BPJS Kesehatan Jalin Kerjasama Gandeng Perusahaan Aplikasi

FOKUSLINTAS.com — BPJS Kesehatan jalin kerjasama dengan aplikasi teknologi kesehatan, Halodoc untuk mengembangkan layanan berbasis digital. Melalui kerjasama ini, diharapkan dapat memperluas akses dan layanan kesehatan secara digital bagi masyarakat, terutama peserta BPJS Kesehatan.

“Kerjasama bersama BPJS Kesehatan ini membuka kesempatan bagi kami guna memperluas akses dan layanan kesehatan yang tak hanya terpusat di kota-kota besar, melainkan menjangkau masyarakat di daerah terpencil,” kata CEO Halodoc, Jonathan Sudharta dalam keterangan yang disampaikan, Kamis (10/10).

Saat ini, Halodoc telah mampu memperluas akses dan layanan kesehatan berkualitas setara bagi masyarakat.
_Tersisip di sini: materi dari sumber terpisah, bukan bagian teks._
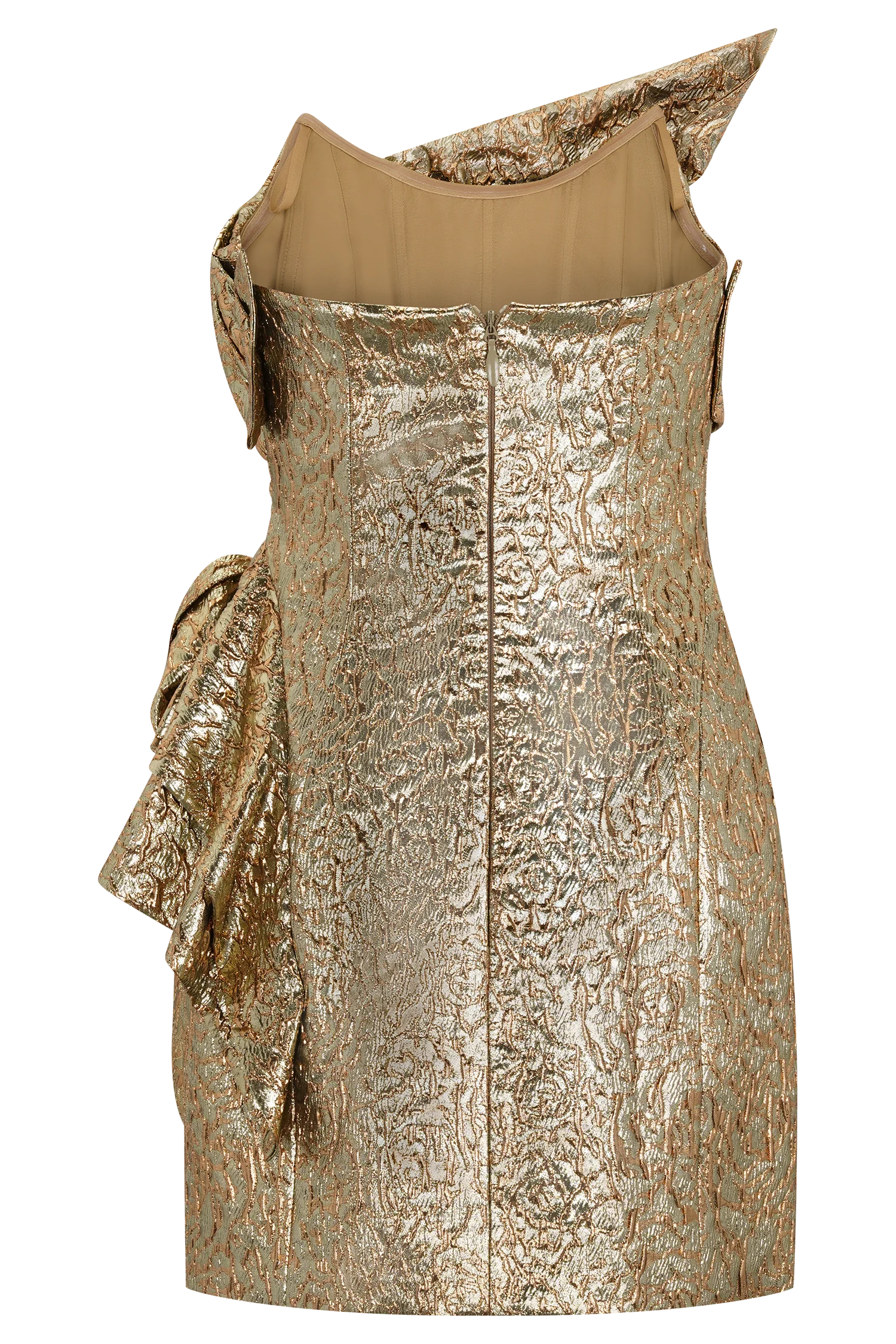 The SADIE Structured Mini Dress is a statement silhouette that balances structure with fluidity. Designed with an asymmetrical strapless neckline, it highlights the décolletage with architectural precision. Draped and twisted detailing across the bust and waistline enhances the feminine form, while the textured fabrication adds depth and dimension. Fully lined for comfort and finished with an invisible centre back zipper, this dress falls to a mini length — the perfect balance of modern edge and timeless sophistication.

Tercatat, lebih dari 50 persen pengguna aplikasinya itu merupakan penduduk luar pulau Jawa, dan 74 persen diantaranya tinggal di luar Jakarta dan Surabaya.

Hal ini membuktikan bahwa kehadiran teknologi mampu menghadirkan kesetaraan akses dan layanan kesehatan bagi masyarakat di berbagai penjuru wilayah Indonesia.

“Harapan kami dengan kerjasama ini bisa meningkatkan pelayanan kesehatan. Terlebih BPJS Kesehatan memiliki basis pengguna terbesar di Indonesia,” jelasnya.

Sementara itu, Direktur Teknologi Informasi BPJS Kesehatan, Wahyuddin Bagenda mengatakan pemanfaatan teknologi dalam layanan BPJS Kesehatan telah menjadi fokus sejak beberapa tahun belakangan. Hal itu guna mengoptimalkan kualitas layanan yang diberikan kepada masyarakat atau peserta JKN-KIS.

Salah satunya adalah Mobile JKN yang merupakan transformasi digital dari layanan administrasi kepesertaan yang selama ini dilakukan di kantor cabang.

“Melalui penggabungan keahlian dari Halodoc di bidang teknologi, kami berharap dapat melengkapi pengalaman pengguna akan fasilitas kesehatan dengan lebih inklusif, efisien dan efektif,” terangnya.

Sebagai informasi, per September 2019  jumlah peserta Program Jaminan Kesehatan Nasional-Kartu Indonesia Sehat (JKN-KIS) telah mencapai lebih dari 221 juta jiwa. Artinya, lebih dari 83 persen total populasi penduduk Indonesia sudah terlindungi program jaminan kesehatan.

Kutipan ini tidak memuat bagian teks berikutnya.